_Description of the task_: Every picture stays out; everything else in the listing below is to be returned exactly.
──────── Information supplied ────────
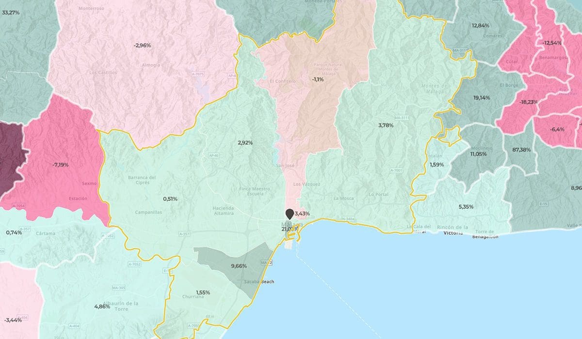 Plus précisément, le logement a augmenté dans l’Est de Malaga de 3,8 % par an, à 2.794 euros par m2 ; à Málaga Norte, 2,9 %, jusqu’à 1.613 euros par m2 ; à Carretería et Álamos, 1,9 %, jusqu’à 3.500 euros par m2, à Churriana, 1,6 %, jusqu’à 1.748 euros par m2, et à Ronda Intermedia-Campanillas, 0,5 %, jusqu’à 1.807 euros par m2.
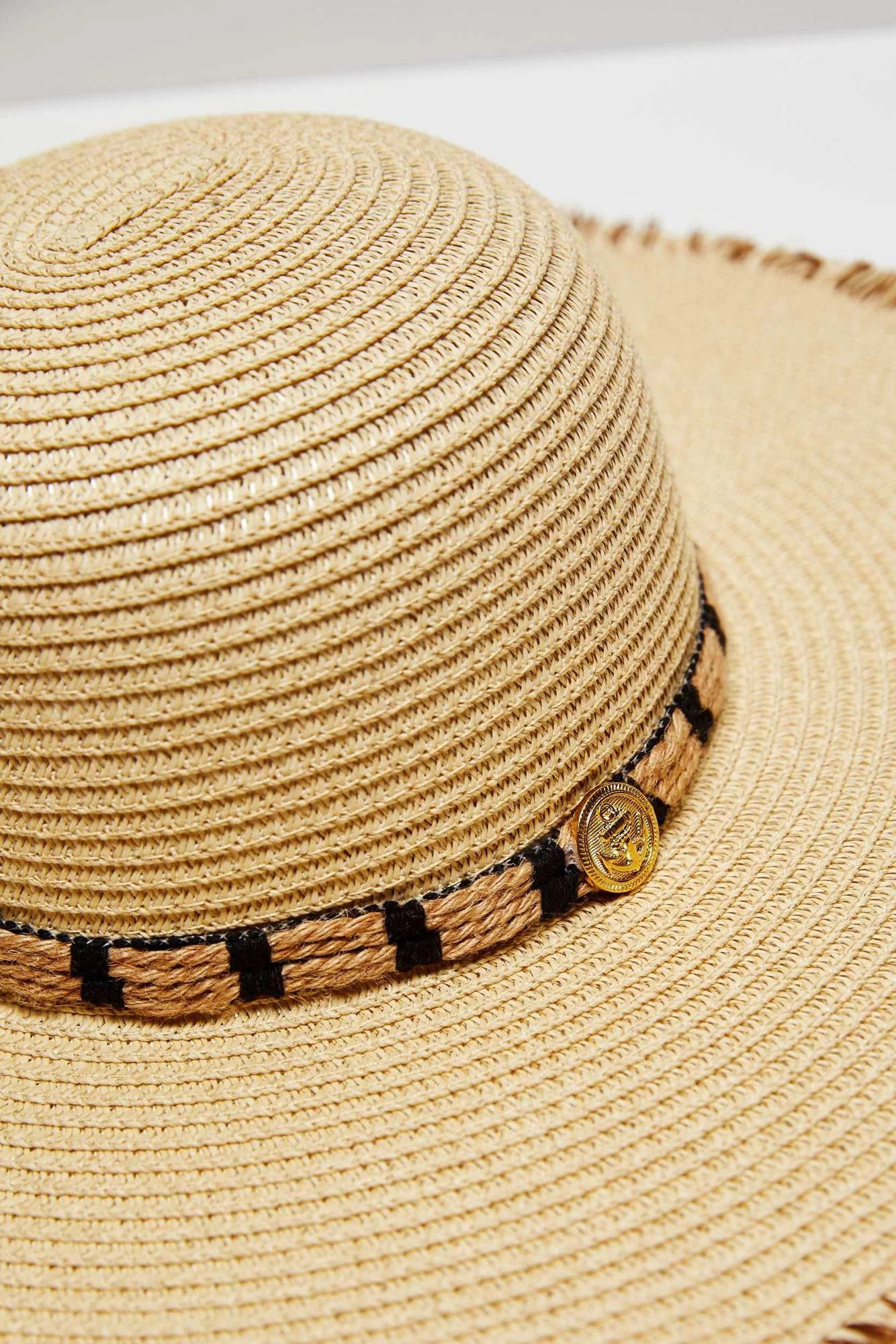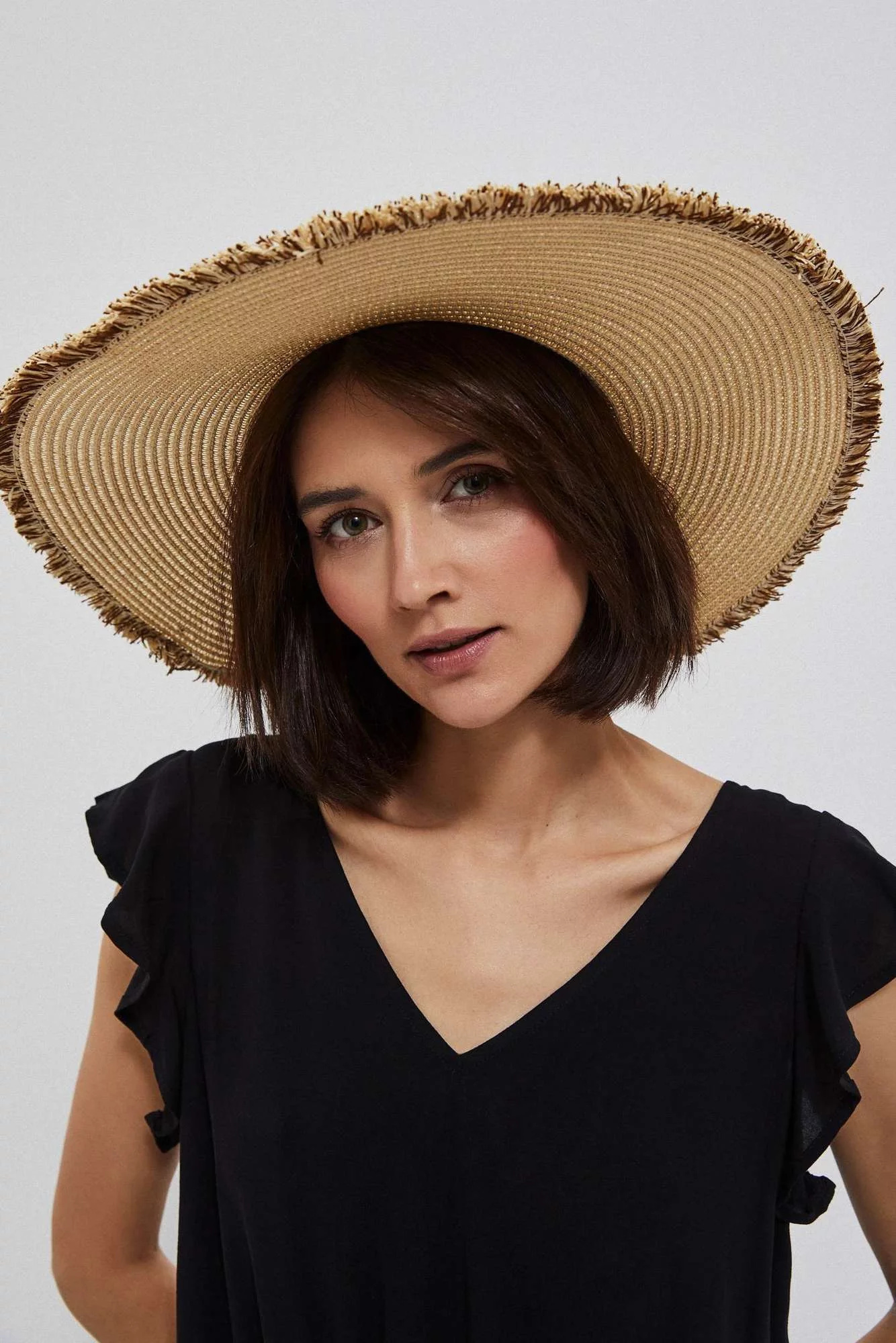Popis produktu90% PAPÍR 10% POLYPROPYLÉN Béžový klobouk se širokým roztřepeným okrajem. Dodatečně zdobené pletenou stuhou kolem okraje. Stylový a praktický, nezbytný během horké dovolené.
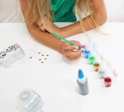 W opakowaniu znajdują się 3 wazony gotowe do ozdabiania, pędzelek, ozdobne kamyki oraz masa plastyczna do odrysowywania kształtów. Dzieci będą czerpać radość z tworzenia, a piękny efekt końcowy ozdobi pokój lub sprawi radość jako prezent.
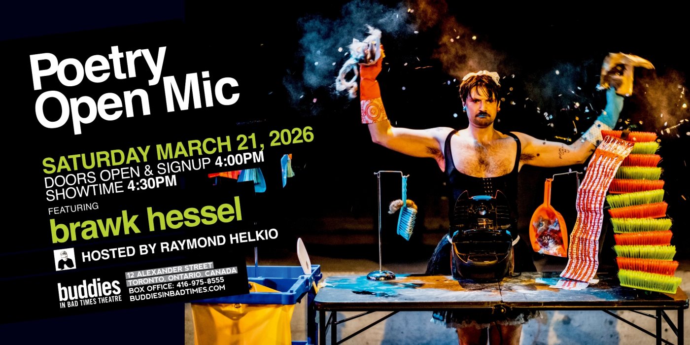 Buddies is a fully accessible venue with barrier-free, gender-neutral washrooms. Thank you to Jordyn Crawford, Jonathan Freeman, the staff at Buddies In Bad Times Theatre, Tallulah's Cabaret, and The Reading Salon.
────────
_Task output_:
 Plus précisément, le logement a augmenté dans l’Est de Malaga de 3,8 % par an, à 2.794 euros par m2 ; à Málaga Norte, 2,9 %, jusqu’à 1.613 euros par m2 ; à Carretería et Álamos, 1,9 %, jusqu’à 3.500 euros par m2, à Churriana, 1,6 %, jusqu’à 1.748 euros par m2, et à Ronda Intermedia-Campanillas, 0,5 %, jusqu’à 1.807 euros par m2.
Popis produktu90% PAPÍR 10% POLYPROPYLÉN Béžový klobouk se širokým roztřepeným okrajem. Dodatečně zdobené pletenou stuhou kolem okraje. Stylový a praktický, nezbytný během horké dovolené.
 W opakowaniu znajdują się 3 wazony gotowe do ozdabiania, pędzelek, ozdobne kamyki oraz masa plastyczna do odrysowywania kształtów. Dzieci będą czerpać radość z tworzenia, a piękny efekt końcowy ozdobi pokój lub sprawi radość jako prezent.
 Buddies is a fully accessible venue with barrier-free, gender-neutral washrooms. Thank you to Jordyn Crawford, Jonathan Freeman, the staff at Buddies In Bad Times Theatre, Tallulah's Cabaret, and The Reading Salon.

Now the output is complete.